─── EXTRACTED ENTRIES ───

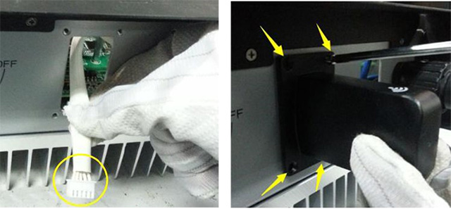 在墻上或支撐架上打孔,把背板固定。(電鉆、螺絲刀),再把逆變器掛到背板上。
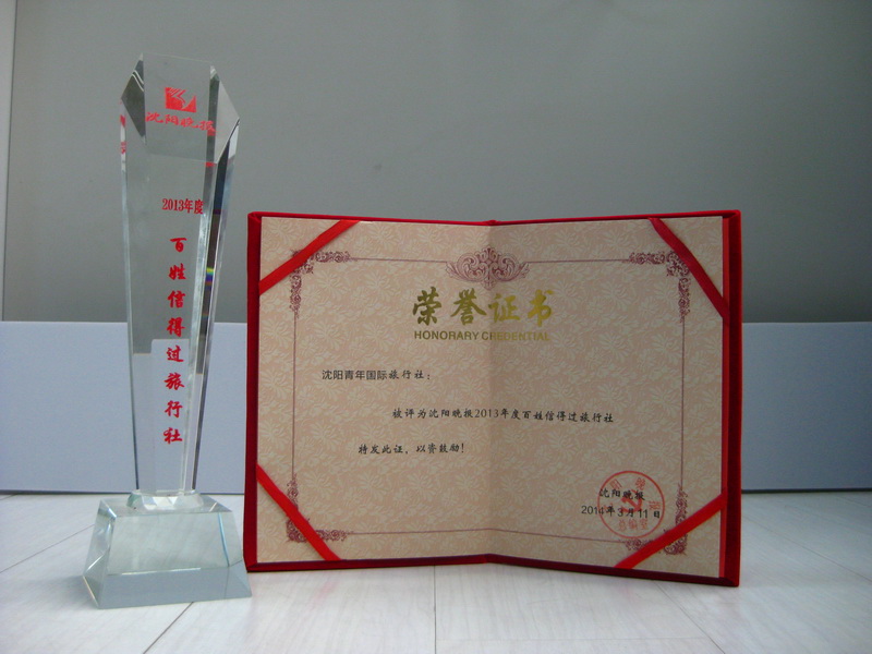 熱烈祝賀沈陽青旅被沈陽晚報授予2013年度百姓信得過旅行社稱號。
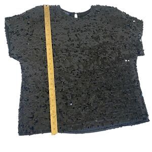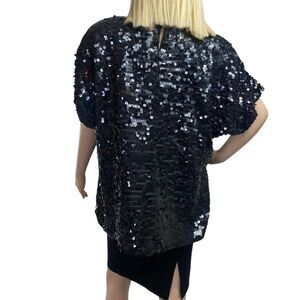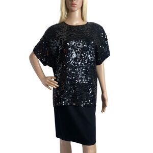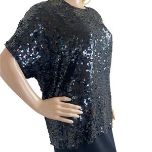 Shine in this stunning black sequin top. Perfect for a night out or special occasion. The sequins are sewn onto a silk the silk top . The shoulders are lightly padded and its excellent condition.,This was very well cared for and it’s clean and comes from a smoke free pet free home. it looks great with jeans as well as skirts and leggings.
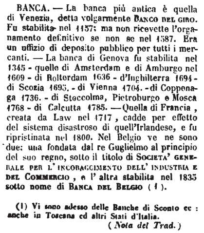 | Banca - La banca più antica è quella di Venezia, detta volgarmente Banco del giro. Fu stabilita nel 1157; ma non ricevette l'organamento definitivo se non se nel 1587. Era un uffizio di deposito pubblico per tutti i mercanti. - La banca di Genova fu stabilita nel 1345 - quelle di Amsterdam e di Amburgo nel 1609 - di Rotterdam 1636 - d'Inghilterra 1694 - di Scozia 1695. - di Vienna 1704. - di Coppenaga 1736. - di Stoccolma, Pietroburgo e Mosca 1768 - di Calcutta 1785. - Quella di Francia, creata da Law nel 1717, cadde per effetto del sistema disastroso di quell'Irlandese, e fu ripristinata nel 1800. Nel Belgio ve ne sono due: una fondata dal re Guglielmo al principio del suo regno, sotto il titolo di Società generale per l'incoraggimento dell'industria e del Commercio, e l'altra stabilita nel 1835 sotto nome di Banca del Belgio (1).
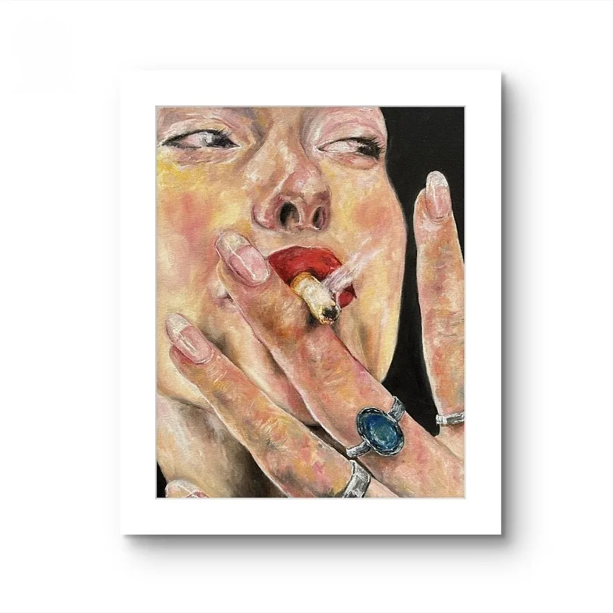 Categories: Select a Category Prints Art Shop Prints | Drinking Games from $85.00 Found Shells from $65.00 Touch Ups from $80.00 Smoking Girl from $65.00 Girl Talk from $80.00 Just Drinks, Please from $80.00
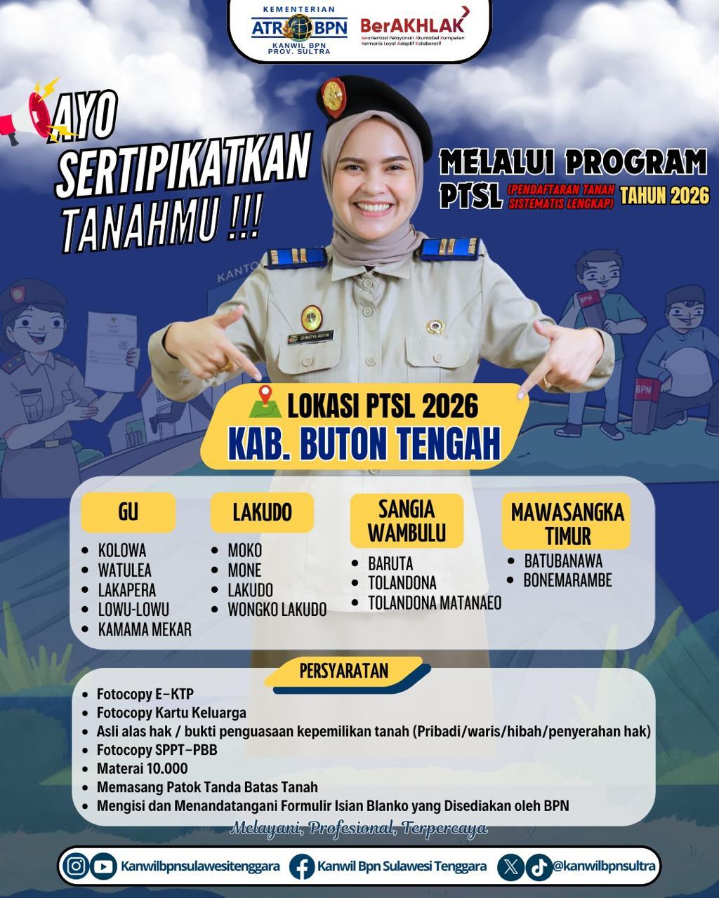 Buton Tengah, mandalapos.co.id – Kantor Pertanahan Kabupaten Buton Tengah resmi meluncurkan program Pendaftaran Tanah Sistematis Lengkap (PTSL) untuk tahun anggaran 2026.
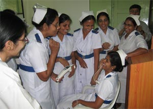 CITRON: We visited three government hospitals. One was Goa Medical College in Panaji;one was Asilo, located in a town called Mapusa;and the third was Hospicio, like the Portuguese word for hospital, in the town of Margao. Goa Medical College is an active medical school, and the largest of the three. There is an audiologist at Goa Medical College, as well as ABR equipment so we knew that there would be follow up. We worked with the audiologist while we were there. She will determine thresholds if necessary on babies who do not pass the screening and be responsible for further follow up. She is the only audiologist in the state of Goa for a population of 3 million.
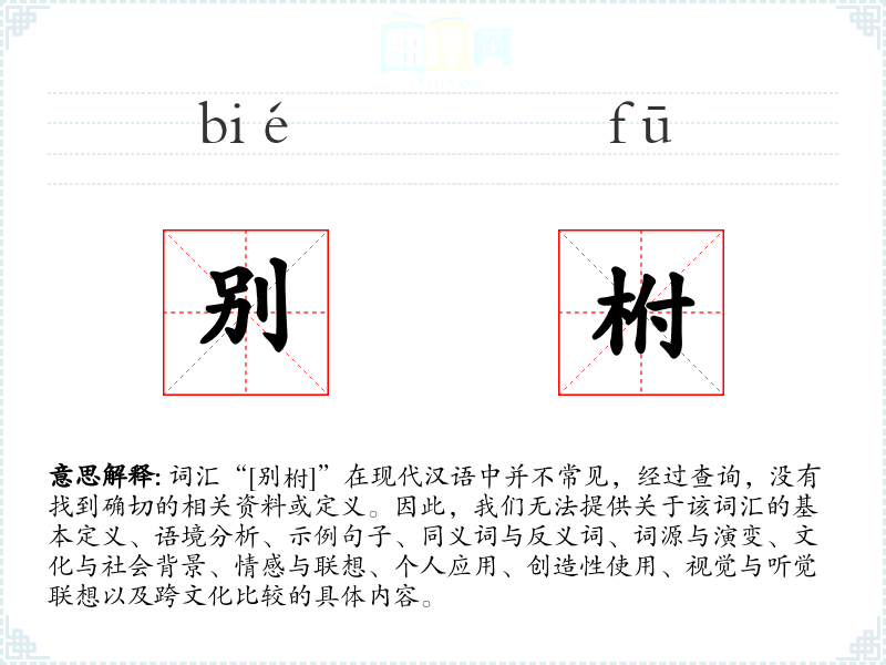 词汇“[别柎]”在现代汉语中并不常见,经过查询,没有找到确切的相关资料或定义。因此,我们无法提供关于该词汇的基本定义、语境分析、示例句子、同义词与反义词、词源与演变、文化与社会背景、情感与联想、个人应用、创造性使用、视觉与听觉联想以及跨文化比较的具体内容。
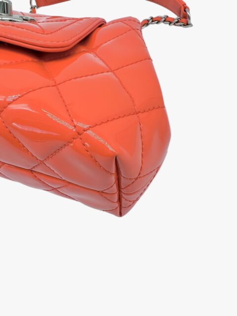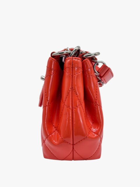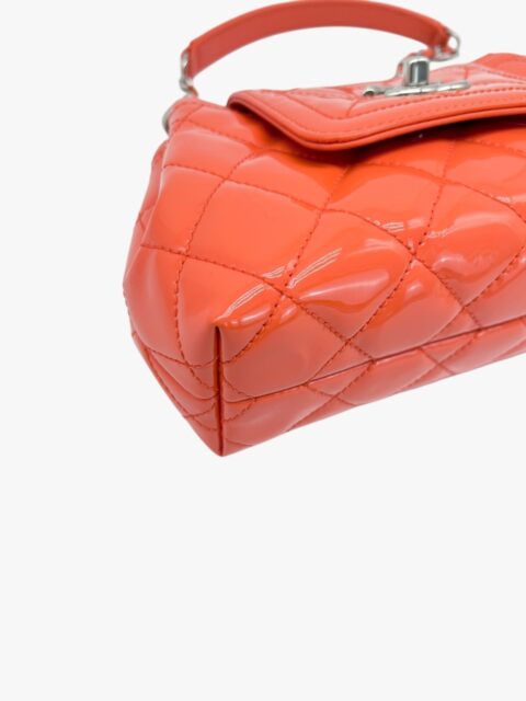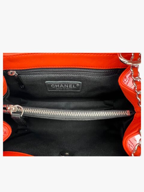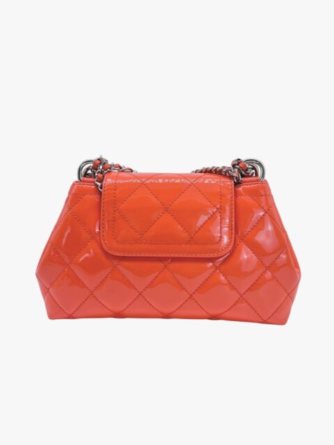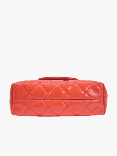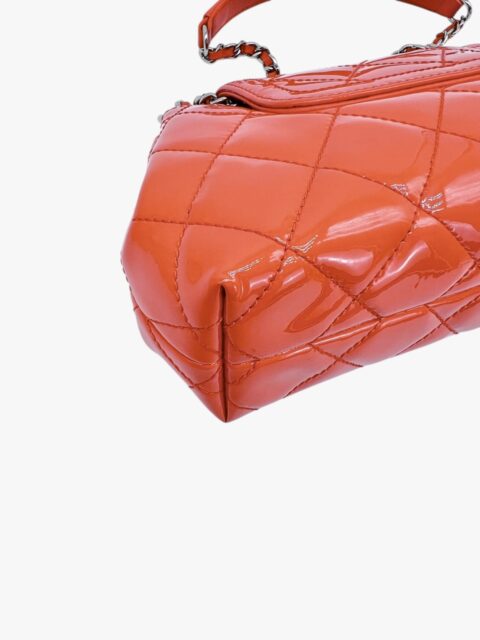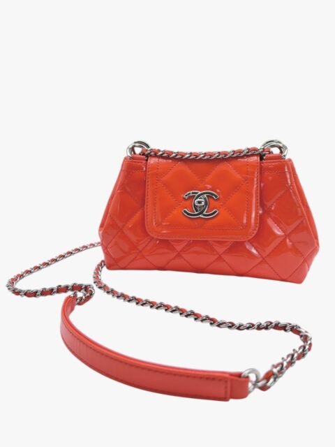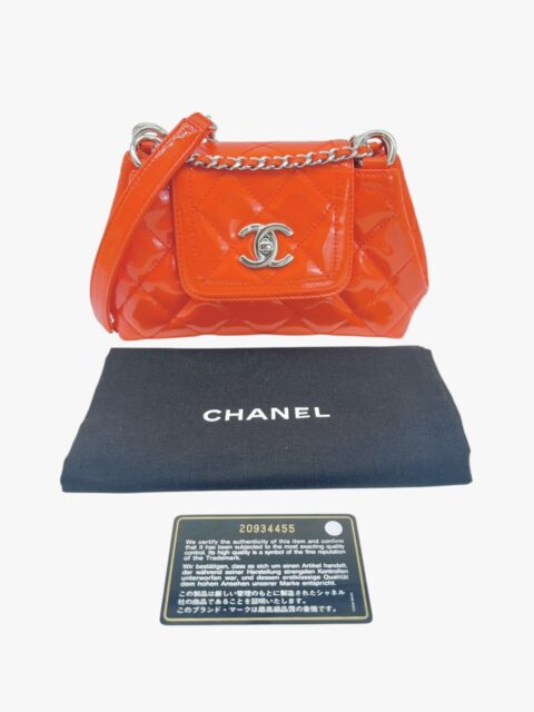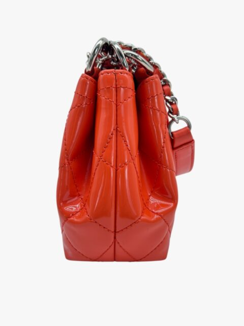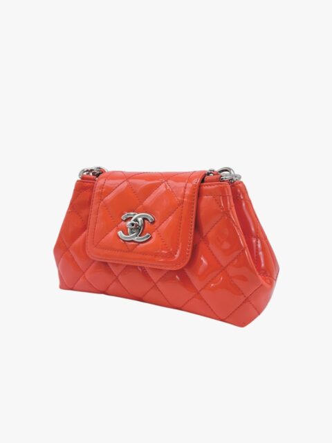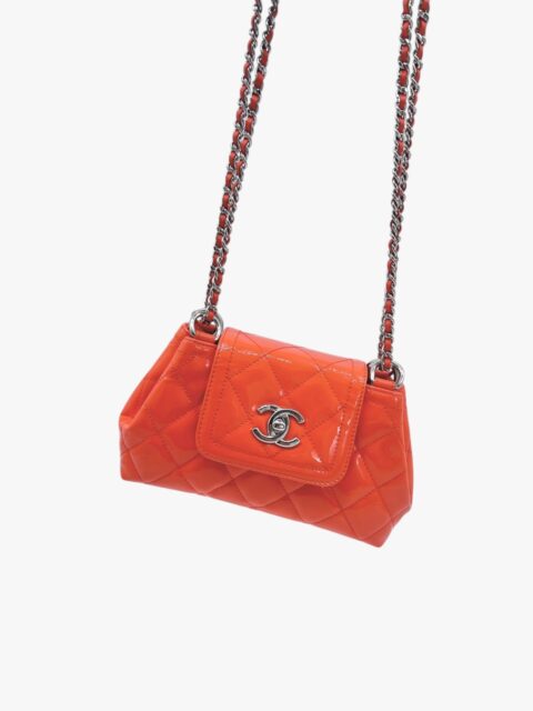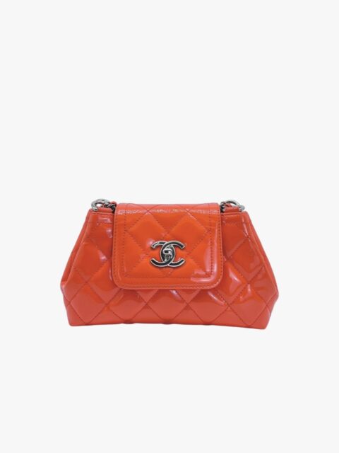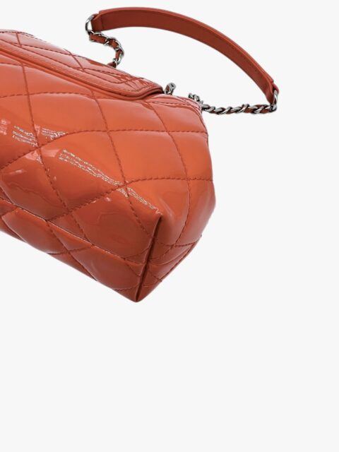Questa elegante borsa a tracolla Chanel è un perfetto equilibrio tra raffinatezza e praticità. Realizzata in pelle verniciata di alta qualità di colore Arancio, si distingue per la sua finitura lucida e la silhouette compatta, tipica del modello pouch.

───

* [TASK GOAL]:
Would you copy the lines above exactly, starting with the one that has "del Belgio (1)." and ending with the one that has "Categories: Select a", both included, without the pictures?

* [EXERCISE SOLUTION]:
 | Banca - La banca più antica è quella di Venezia, detta volgarmente Banco del giro. Fu stabilita nel 1157; ma non ricevette l'organamento definitivo se non se nel 1587. Era un uffizio di deposito pubblico per tutti i mercanti. - La banca di Genova fu stabilita nel 1345 - quelle di Amsterdam e di Amburgo nel 1609 - di Rotterdam 1636 - d'Inghilterra 1694 - di Scozia 1695. - di Vienna 1704. - di Coppenaga 1736. - di Stoccolma, Pietroburgo e Mosca 1768 - di Calcutta 1785. - Quella di Francia, creata da Law nel 1717, cadde per effetto del sistema disastroso di quell'Irlandese, e fu ripristinata nel 1800. Nel Belgio ve ne sono due: una fondata dal re Guglielmo al principio del suo regno, sotto il titolo di Società generale per l'incoraggimento dell'industria e del Commercio, e l'altra stabilita nel 1835 sotto nome di Banca del Belgio (1).
 Categories: Select a Category Prints Art Shop Prints | Drinking Games from $85.00 Found Shells from $65.00 Touch Ups from $80.00 Smoking Girl from $65.00 Girl Talk from $80.00 Just Drinks, Please from $80.00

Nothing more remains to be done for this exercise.